(Stored items)
---*---

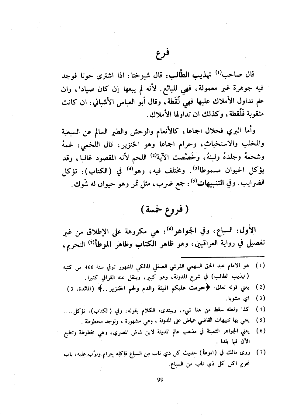 قَالَ صَاحِبُ تَهْذِيبِ الطَّالِبِ قَالَ شُيُوخُنَا إِذَا اشْتَرَى حُوتًا فَوَجَدَ فِيهِ جَوْهَرَةً غَيْرَ مَعْمُولَةٍ فَهِيَ لِلْبَائِعِ لِأَنَّهُ لَمْ يَبِعْهَا إِنْ كَانَ صَيَّادًا وَإِنْ عَلِمَ تَدَاوُلَ الْأَمْلَاكِ عَلَيْهَا فَهِيَ لُقَطَةٌ وَقَالَ أَبُو الْعَبَّاسِ الْأَشْبَانِيُّ إِنْ كَانَتْ مَثْقُوبَةً فَلُقَطَةٌ وَكَذَلِكَ إِنْ تَدَاوَلَهَا الْأَمْلَاكُ وَأَمَّا الْبَرِّيُّ فَحَلَالٌ إِجْمَاعًا كَالْأَنْعَامِ وَالْوَحْشِ وَالطَّيْرِ السَّالِمِ عَنِ السَّبُعِيَّةِ وَالْمِخْلَبِ وَالِاسْتِخْبَاثِ وَحَرَامٌ إِجْمَاعًا وَهُوَ الْخِنْزِير قَالَ اللَّخْمِيّ لَحْمه وسحمه وَجِلْدُهُ وَلَبَنُهُ وَخَصَّصَتِ الْآيَةُ اللَّحْمَ لِأَنَّهُ الْمَقْصُودُ غَالِبًا وَقَدْ يُؤْكَلُ الْحَيَوَانُ مَسْمُوطًا وَمُخْتَلَفٌ فِيهِ وَهُوَ فِي الْكتاب تُؤْكَل الضرايب وَفِي التَّنْبِيهَات جَمِيع ضرب مثل ثَمَر وَهُوَ حَيَوَان لَهُ شوك
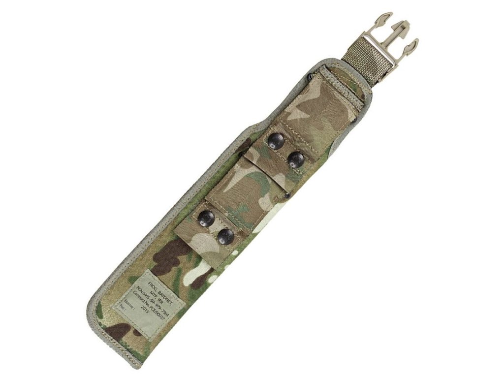 Originální pouzdro na bojovou mačetu nebo bajonet, používané Britskou ArmádouPouzdro je o velikosti cca 35cm, je určeno pro bojovou mačetu nebo bajonet, vhodná však pro jakýkoli ostrý předmět tzn. nůž atd.. Možnost uschovat až 24cm dlouhou čepel 6cm širokou, popřípadě i nůž s vlastním pouzdrem. Vnitřní část je zesílena plastovou vložkou proti proříznutí. Zezadu je pouzdro opatřeno zapínámím, pro buď opasek orig. Brit PLCE popř. je možno upevnit k jakémukoli opasku.
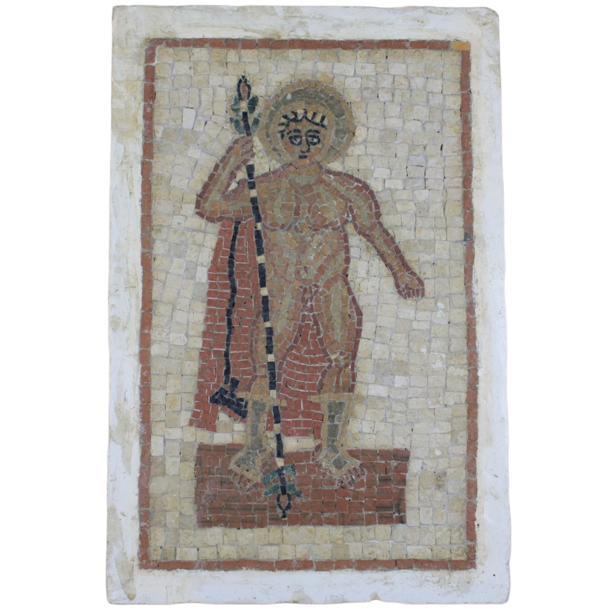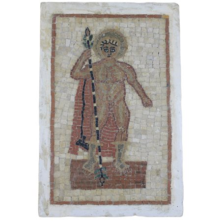 2 PANNELLI MUSIVI Raff Immagine sacra ed un portatore d'acqua. periodo contemporaneo h cm 44 x 26 / h cm 37 x 32
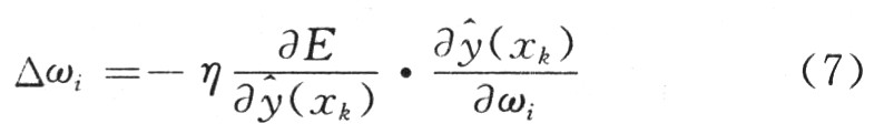 式中:η为学习率,取值为0~1之间的小数。根据上面式(6),式(7)最终可以确定权值叫的每步调整量:
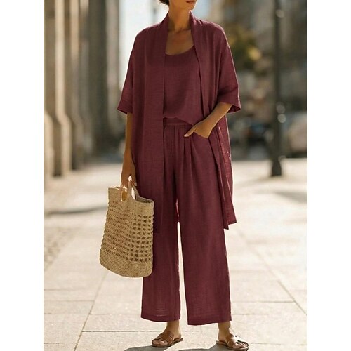 Per donna Set di Pantaloni Finto cotone e lino Manica Corta Girocollo Tinta unica Moda Streetwear Casuale Quotidiano All'aperto Blu Nero Bianco Primavera Estate Vestibilità comoda
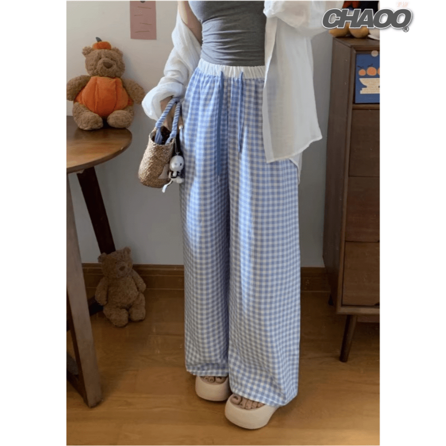 嘎嘎顯瘦! 長褲 女生寬褲 涼感褲女 淺藍格子 垂墜感長褲 休閒闊腿褲 九分褲 高腰寬褲 梨形友善 小個子穿搭 女生褲子淺藍格,S|淺藍格,M|淺藍格,L|淺藍格,XL|淺藍格【優質版】,S|淺藍格【優質版】,M|淺藍格【優質版】,L|淺藍格【優質版】,XL|深藍格,S|深藍格,M|深藍格,L|深藍格,XL|深藍格【優質版】,S|深藍格【優質版】,M|深藍格【優質版】,L|深藍格【優質版】,XLPantsCHAOO 台北原創服飾品牌

---*---

[What the exercise asks]
Every entry above needs to be duplicated exactly, without its images.

[Response to the task]
 قَالَ صَاحِبُ تَهْذِيبِ الطَّالِبِ قَالَ شُيُوخُنَا إِذَا اشْتَرَى حُوتًا فَوَجَدَ فِيهِ جَوْهَرَةً غَيْرَ مَعْمُولَةٍ فَهِيَ لِلْبَائِعِ لِأَنَّهُ لَمْ يَبِعْهَا إِنْ كَانَ صَيَّادًا وَإِنْ عَلِمَ تَدَاوُلَ الْأَمْلَاكِ عَلَيْهَا فَهِيَ لُقَطَةٌ وَقَالَ أَبُو الْعَبَّاسِ الْأَشْبَانِيُّ إِنْ كَانَتْ مَثْقُوبَةً فَلُقَطَةٌ وَكَذَلِكَ إِنْ تَدَاوَلَهَا الْأَمْلَاكُ وَأَمَّا الْبَرِّيُّ فَحَلَالٌ إِجْمَاعًا كَالْأَنْعَامِ وَالْوَحْشِ وَالطَّيْرِ السَّالِمِ عَنِ السَّبُعِيَّةِ وَالْمِخْلَبِ وَالِاسْتِخْبَاثِ وَحَرَامٌ إِجْمَاعًا وَهُوَ الْخِنْزِير قَالَ اللَّخْمِيّ لَحْمه وسحمه وَجِلْدُهُ وَلَبَنُهُ وَخَصَّصَتِ الْآيَةُ اللَّحْمَ لِأَنَّهُ الْمَقْصُودُ غَالِبًا وَقَدْ يُؤْكَلُ الْحَيَوَانُ مَسْمُوطًا وَمُخْتَلَفٌ فِيهِ وَهُوَ فِي الْكتاب تُؤْكَل الضرايب وَفِي التَّنْبِيهَات جَمِيع ضرب مثل ثَمَر وَهُوَ حَيَوَان لَهُ شوك
 Originální pouzdro na bojovou mačetu nebo bajonet, používané Britskou ArmádouPouzdro je o velikosti cca 35cm, je určeno pro bojovou mačetu nebo bajonet, vhodná však pro jakýkoli ostrý předmět tzn. nůž atd.. Možnost uschovat až 24cm dlouhou čepel 6cm širokou, popřípadě i nůž s vlastním pouzdrem. Vnitřní část je zesílena plastovou vložkou proti proříznutí. Zezadu je pouzdro opatřeno zapínámím, pro buď opasek orig. Brit PLCE popř. je možno upevnit k jakémukoli opasku.
 2 PANNELLI MUSIVI Raff Immagine sacra ed un portatore d'acqua. periodo contemporaneo h cm 44 x 26 / h cm 37 x 32
 式中:η为学习率,取值为0~1之间的小数。根据上面式(6),式(7)最终可以确定权值叫的每步调整量:
 Per donna Set di Pantaloni Finto cotone e lino Manica Corta Girocollo Tinta unica Moda Streetwear Casuale Quotidiano All'aperto Blu Nero Bianco Primavera Estate Vestibilità comoda
 嘎嘎顯瘦! 長褲 女生寬褲 涼感褲女 淺藍格子 垂墜感長褲 休閒闊腿褲 九分褲 高腰寬褲 梨形友善 小個子穿搭 女生褲子淺藍格,S|淺藍格,M|淺藍格,L|淺藍格,XL|淺藍格【優質版】,S|淺藍格【優質版】,M|淺藍格【優質版】,L|淺藍格【優質版】,XL|深藍格,S|深藍格,M|深藍格,L|深藍格,XL|深藍格【優質版】,S|深藍格【優質版】,M|深藍格【優質版】,L|深藍格【優質版】,XLPantsCHAOO 台北原創服飾品牌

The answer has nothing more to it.